Depression accelerates aging in the brain, but scientists are expanding their understanding of its effects and making strides toward developing drugs to treat associated cognitive symptoms, according to research revealed at a Feb. 14 news briefing at the 2019 AAAS Annual Meeting in Washington, D.C.
The healthy aging brain sees a gradual decline in the density of synapses – the structures that transfer information between cells in the brain – said Irina Esterlis, associate professor of psychiatry at Yale University.
This process unfolds over many decades, so “you’re not going to notice cognitive, emotional or social changes until later in life,” Esterlis said.
The brain of a person with depression, by contrast, sees a more rapid decline in synaptic density, she said. This lower synaptic density causes accelerated aging in the brain, which is associated with cognitive decline.
The lower the synaptic density, the less effective are an individual’s skills related to working and visual memory, visual perception and attention, Esterlis explained. Lower synaptic density is also associated with higher levels of anhedonia – the inability to feel pleasure, she said.
Esterlis has used positron emission topography scans to identify the differences in the brains of healthy individuals from those with depression, which can be seen as early as age 40. Her PET imaging studies also reveal that more severe depression results in lower levels of synaptic density – and thus more severe cognitive symptoms – than those with less severe depression.

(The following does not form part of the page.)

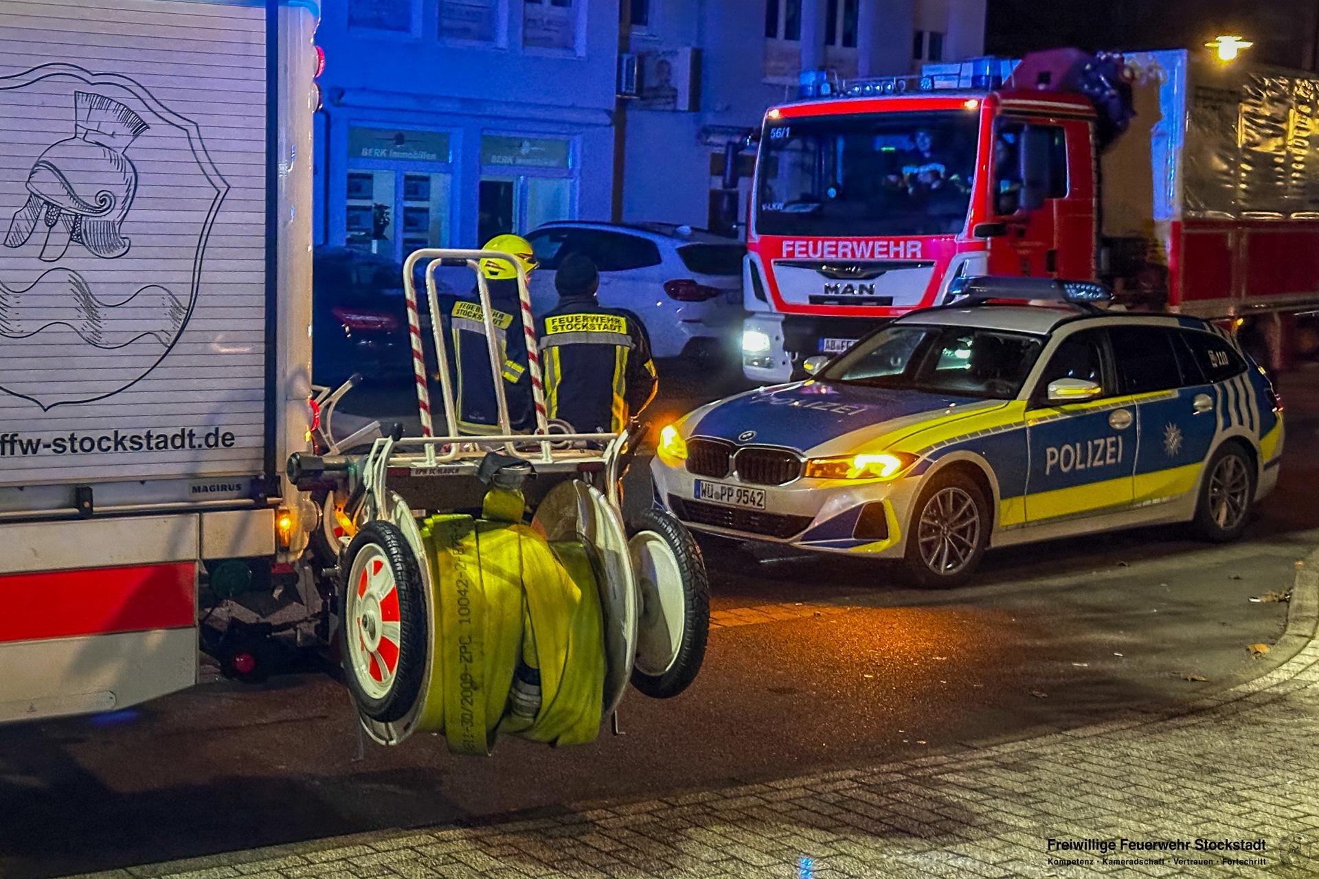 Die Feuerwehr Stockstadt wurde am Dienstag um 00:36 Uhr zu einem vermeintlichen Zusammenstoß eines Zuges mit einer Person an den Bahnhof Stockstadt alarmiert. Dort stand ein Nahverkehrszug, der aus Aschaffenburg kam und planmäßig in Richtung Darmstadt fuhr. Der Zugführer berichtete von einem Schlag mit vermutlichem Zusammenstoß. Die Feuerwehr Stockstadt begann sofort den Gleisbereich in Richtung Mainaschaff abzusuchen. Auf der Mainaschaffer Seite war die örtlich zuständige Feuerwehr Mainaschaff ebenfalls im Einsatz und suchte dort die Gleise ab. Nach kurzer Zeit konnten Steine auf den Gleisen gefunden werden, welche offensichtlich den Schlag verursacht hatten. Daraufhin wurde die Suche eingestellt und die Feuerwehr konnte zurückfahren. Während den Einsatzmaßnahmen war der Bahnverkehr in Stockstadt eingestellt. Neben der Feuerwehr Stockstadt war am Bahnhof ein Rettungswagen und die Polizei im Einsatz. Von der Feuerwehr Stockstadt waren 5 Fahrzeuge mit 25 Einsatzkräften vor Ort.

Despite that symptoms like memory decline are associated with many neuropsychiatric disorders, no medication currently used to treat such disorders specifically addresses cognitive symptoms, said Etienne Sibille, professor of psychiatry, pharmacology and toxicology at the University of Toronto. “What we need is novel drugs with novel mechanisms,” said Sibille.
Researchers are making progress on a drug to address the underlying causes of the symptoms, identifying a particular deficit at the cellular level and developing molecules to address the deficit, he said.
Sibille shared the effects of this compound on animals: Older mice and mice that have been stressed see deficits in their working memory abilities. Within 30 minutes of injection of the drug, the older or stressed mice performed at the same levels as young mice. Newly released data also show that after two months of treatment with the drug, the synapse levels of old mice have been brought back to the levels seen in young mice, “rejuvenating the brain,” said Sibille.
The researchers submitted a patent for the compound shortly before their briefing and aim to begin testing the compound in a clinical setting in about two years, Sibille said.
Daniela Kaufer, professor of integrative biology at the University of California, Berkeley, shared progress toward addressing another cause of cognitive decline: dysfunction of the blood-brain barrier. The blood-brain barrier ordinarily protects the brain, but Kaufer’s work shows that when the barrier falters, itself a sign of aging, proteins can enter brain cells called astrocytes, which causes inflammation in the brain and leads to cognitive impairments.
Teaming up with molecular chemists to create a drug to address this dysfunction, Kaufer expected that its use in animals might only prevent future cognitive decline. In fact, it reversed the underlying cause of the dysfunction, which resulted in older animals performing at the levels of young animals, Kaufer said.
“This understanding from the mice is very exciting for us. The next step is to ask questions of what this means for humans,” said Kaufer, noting that other researchers are taking up this mantle.
“If we can identify those who have lower synaptic density, for example, in the hippocampus, and we can identify them early on,” Esterlis said, the ability to treat cognitive decline can improve the lives of individuals suffering from these symptoms.